A sinusoidal wave travelling in the positive direction on stretched string has amplitude $20cm$, wavelength $1m$ and wave velocity $5m/s$. At $x=0$ and $t=0$, it is given that $y=0$ and $\frac{dy}{dt}<0$. Find the wave function $y(x,t)$.
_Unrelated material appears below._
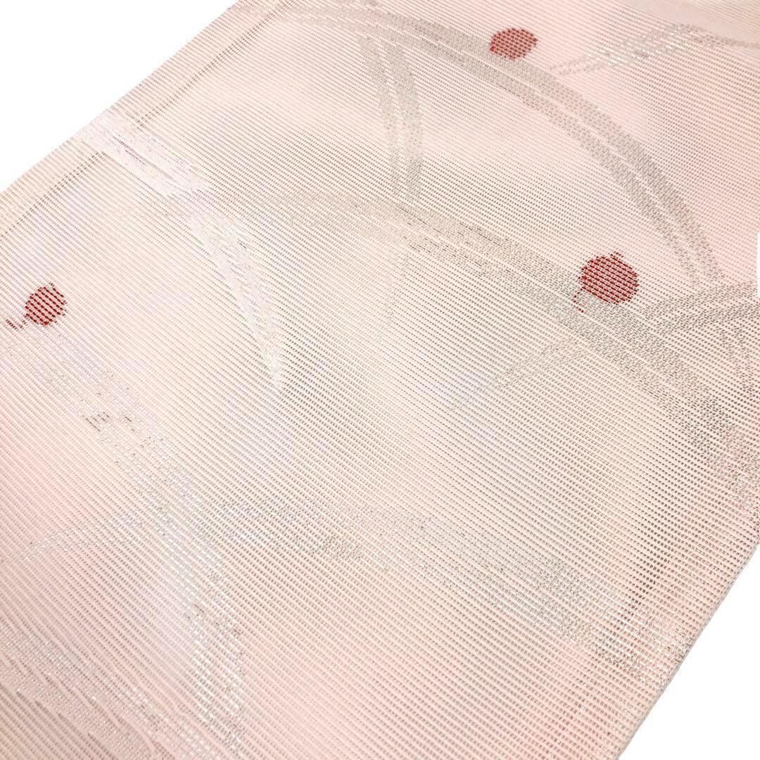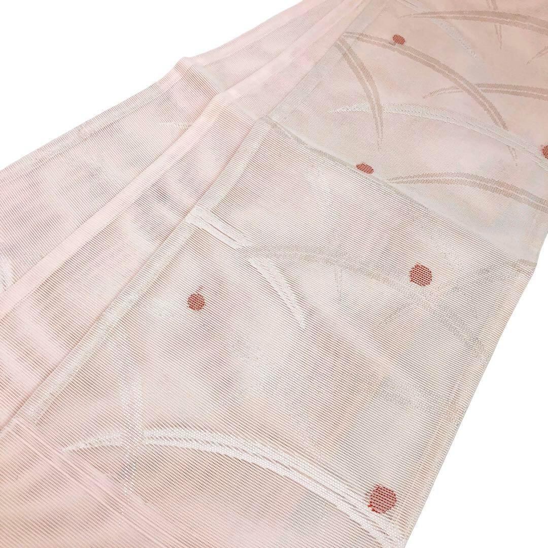夏帯 京袋帯 絽 露芝模様 桜色 銀糸 O-2694 着物 きもの kimono 和服 和装 中古 リサイクル着物 【送料無料】

• A. $y(x,t)=\left(0.02m\right)\sin [\left(2\pi m^{-1}\right)x+\left(10\pi s^{-1}\right)t]m$
• B. $y(x,t)=\left(0.02m\right)\cos [\left(10\pi s^{-1}\right)t+\left(2\pi m^{-1}\right)x]m$
• C. $y(x,t)=\left(0.02m\right)\sin [\left(2\pi m^{-1}\right)x-\left(10\pi s^{-1}\right)t]m$
• D. $y(x,t)=\left(0.02m\right)\sin [\left(\pi m^{-1}\right)x+\left(5\pi s^{-1}\right)t]m$

Answer 1

The correct option is C $y(x,t)=\left(0.02m\right)\sin [\left(2\pi m^{-1}\right)x-\left(10\pi s^{-1}\right)t]m$

We start a general form for a rightward moving wave,
$y(x,t)=A\sin (kx-\omega t+\varphi )$ ...(i)
The given amplitude is $A=2cm=0.02m$
The wavelength is given as
$\lambda =1m$
Wave number $=k=2\pi /\lambda =2\pi m^{-1}$
Angular frequency,
$\omega =vk=10\pi rad/s$
From equation (i),
$y(x,t)=\left(0.02\right)\sin [2\pi (x-5t)+\varphi ]$
$\because$ For $x=0,t=0$
$y=0$ and $\frac{\partial y}{\partial t}<0$
i.e. $0.02\sin \varphi =0$ (as $y=0$)
and $-0.2\pi \cos \varphi <0$
From these conditions, we may conclude that
$\varphi =2n\pi$, where $n=0,2,4,6,\dots$
Therefore,
$y(x,t)=\left(0.02m\right)\sin [\left(2\pi m^{-1}\right)x-\left(10\pi s^{-1}\right)t]m$